EXERCISE AIM: Skip the pictures and restate, word for word, the lines from the one containing "Состав: пион, гортензия, роза" to the end of the data below.

EXERCISE MATERIALS:
--- --- ---
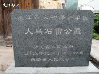 - 乐清市虹桥镇大乌石村雷公殿门厅内
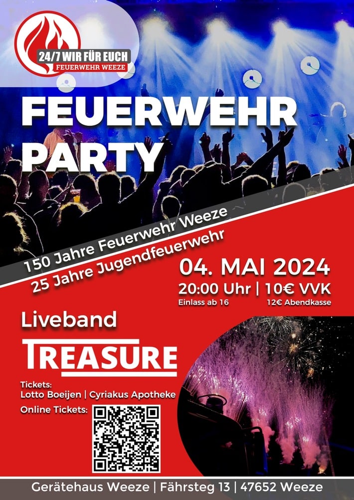 „Seit 150 Jahren engagieren sich Feuerwehrleute zum Wohle der Weezer Bevölkerung. Die Feuerwehr hat somit eine lange Tradition und wenn auch die Aufgaben über ein Landesgesetz klar geregelt sind, vereint doch alle Generationen bis heute, dass der Einsatz weit über den gesetzlichen Rahmen hinausgeht.“ bekräftigt der Leiter der Feuerwehr Weeze, Gemeindebrandinspektor Michael Winthuis im Grußwort zur Festzeitschrift. Am Samstag, 4. Mai 2024 soll dies auch in der Öffentlichkeit gezeigt werden. Ab 13 Uhr findet am Feuerwehrhaus in Weeze am Fährsteg ein Tag der offenen Tore mit einem bunten Programm statt. Zu sehen sind außerdem diverse Vorführungen sowie für Kinder die Möglichkeit der Teilnahme an einer Feuerwehrolympiade. Gegen 16.30 Uhr folgt der Festumzug vom Bürgerhaus zum Feuerwehrhaus mit anschließendem Festakt, bevor ab 20 Uhr die Band Treasure für die nötige Stimmung zur öffentlichen Feuerwehrparty sorgt! Tickets für die Abendveranstaltung gibt es im Vorverkauf vergünstigt in der Cyriakusapotheke oder bei Lotto Boeijen in Weeze, aber auch im Online Shop. Einen Link hierzu findet man unter feuerwehr-weeze.de Wir laden Sie herzlich ein mit uns zu feiern!
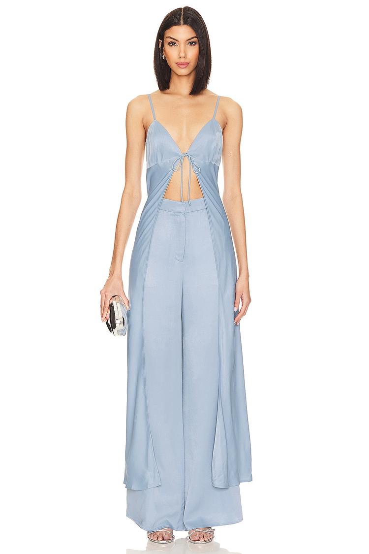 Lightweight charmeuse fabric and a slim fit create a captivating silhouette in this thigh-length camisole top. Featuring a deep V-neckline and delicate spaghetti straps, this modern and sexy piece is finished with an open front tie closure that adds effortless charm. Its matte light blue hue enhances its chic appeal, making it a versatile choice for casual outings, brunches, or night outs during spring and summer. The covered back and sleeveless design provide comfort and ease, perfect for warm weather styling.
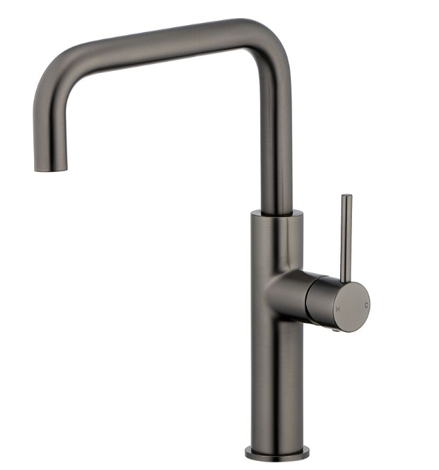 Mizu Drift Gooseneck Sink Mixer Tap Square Brushed Gunmetal (5 Star) Lead Free
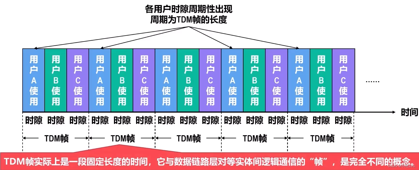 将时间划分为一段段等长的时隙,每一个时分复用的用户,在其相应时隙内独占传输媒体的资源进行通信。时分复用的各用户所对应的时隙,就构成了时分复用帧,即TDM帧
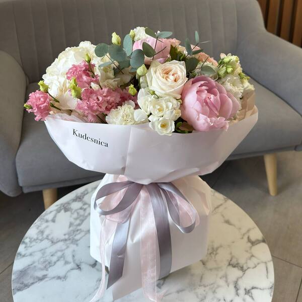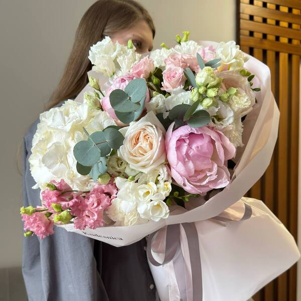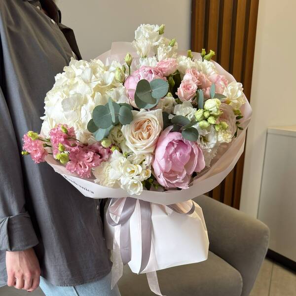 Состав: пион, гортензия, роза одноголовая пионовидная, эустома, роза кустовая пионовидная, фрезия, атворская упаковка.
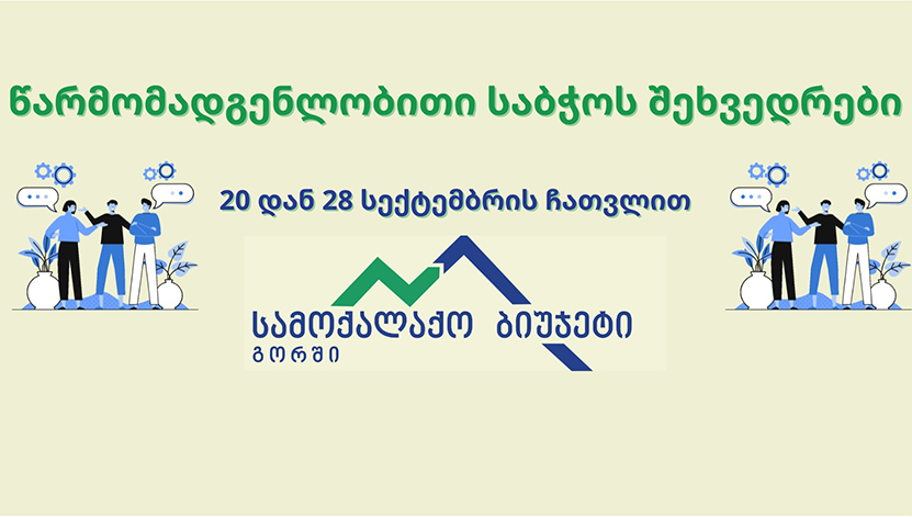 20-დან 28 სექტემბრის ჩათვლით წარმომადგენლობითი საბჭოს შეხვედრები გაიმართება გორში ხუთ ლოკაციაზე და ასევე მუნისიპალიტეტის 5 სოფელში.
--- --- ---
OUTPUT OF THE TASK:
 Состав: пион, гортензия, роза одноголовая пионовидная, эустома, роза кустовая пионовидная, фрезия, атворская упаковка.
 20-დან 28 სექტემბრის ჩათვლით წარმომადგენლობითი საბჭოს შეხვედრები გაიმართება გორში ხუთ ლოკაციაზე და ასევე მუნისიპალიტეტის 5 სოფელში.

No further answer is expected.